CAMPAGNE-EXÉCUTIONS-DE-PRISONNIERS-EN-IRANDurant les 3 premiers mois de la présidence de Hassan Rouhani, 200 détenus, dont deux prisonniers politiques kurdes ont été exécutés et 7 autres récemment condamnés à mort. Depuis que le président iranien a pris ses fonctions en août dernier, on assiste à une spectaculaire augmentation des exécutions (200 depuis août 2013 et 278 depuis son élection en juin 2013).

Déjà, en octobre dernier, l’organisation International Campaign for Human Rights in Iran et le Iran Human Rights Documentation Center ont appelé ensemble à un memorandum d’urgence au sujet de l’accroissement dramatique de l’application des peines de mort : « Il est paradoxal que, dans le même temps où les relations entre l’Iran et la communauté internationale s’améliorent, le nombre des exécutions augmente en Iran. Beaucoup de ces prisonniers qui sont dans les couloirs de la mort sont soumis à des tortures, des confessions forcées et des procès irréguliers. Exiger l’arrêt de ces exécutions et le respect de la loi devrait être au sommet de l’ordre du jour dans le dialogue entre la communauté internationale et l’Iran. » (Mahmood Amiry-Moghaddam, porte-parole de Iran Human Rights.

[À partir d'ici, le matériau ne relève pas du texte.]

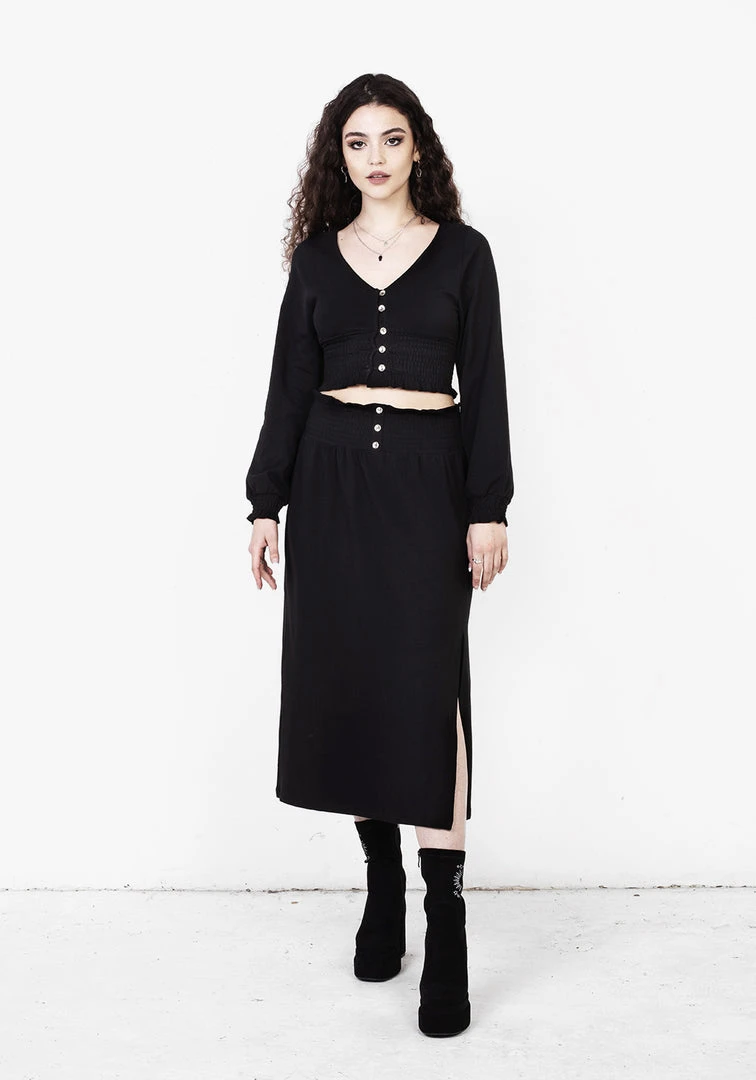 ❦ Black midaxi skirt with front leg split
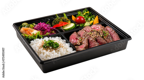 bento, box, meal, lunch, food, steak, beef, rice, white, green, red, purple, broccoli, cucumber, tomatoes, salad, garnish, sesame, seed, sauce, healthy, fresh, organic, delicious, epicure, japanese, asian, cookery, eatery, take-out, delivery, portion, nourishment, protein, carbohydrate, vegetable, cooked, prepared, diet, nourishment, tasty, savoury, meat, side, dish, assortment, variety

Le 8 novembre, la Coalition mondiale contre la peine de mort a publié une déclaration condamnant ces exécutions « arbitraires » et appelé aussi la communauté internationale à inscrire en priorité dans leur agenda la question de la peine de mort en Iran.

En dehors des détenus condamnés pour « trafic de drogue »( la plupart étant tous, comme par hasard, ressortissants de minorités ethniques persécutées, comme les Baloutches ou les Arabes de l’Ahwaz), la majorité est composée de militants et de prisonniers politiques kurdes. Dans la dernière décade d’octobre, 40 personnes ont été ainsi pendues dans plusieurs villes du pays, et durant les seuls jours du 3 et 4 novembre, 12 prisonniers ont été exécutés. Parmi eux, Shirko Moarefi, un prisonnier politique kurde âgé de 34 ans, a été pendu le 4 novembre dans la prison de Saghez. Il avait été convaincu d’être un « ennemi de Dieu » le 1er novembre 2007 et, en raison des pressions internationales avait jusqu’ici échappé à l’application de sa sentence, confirmée le 14 novembre 2009 et le 1er mai 2011.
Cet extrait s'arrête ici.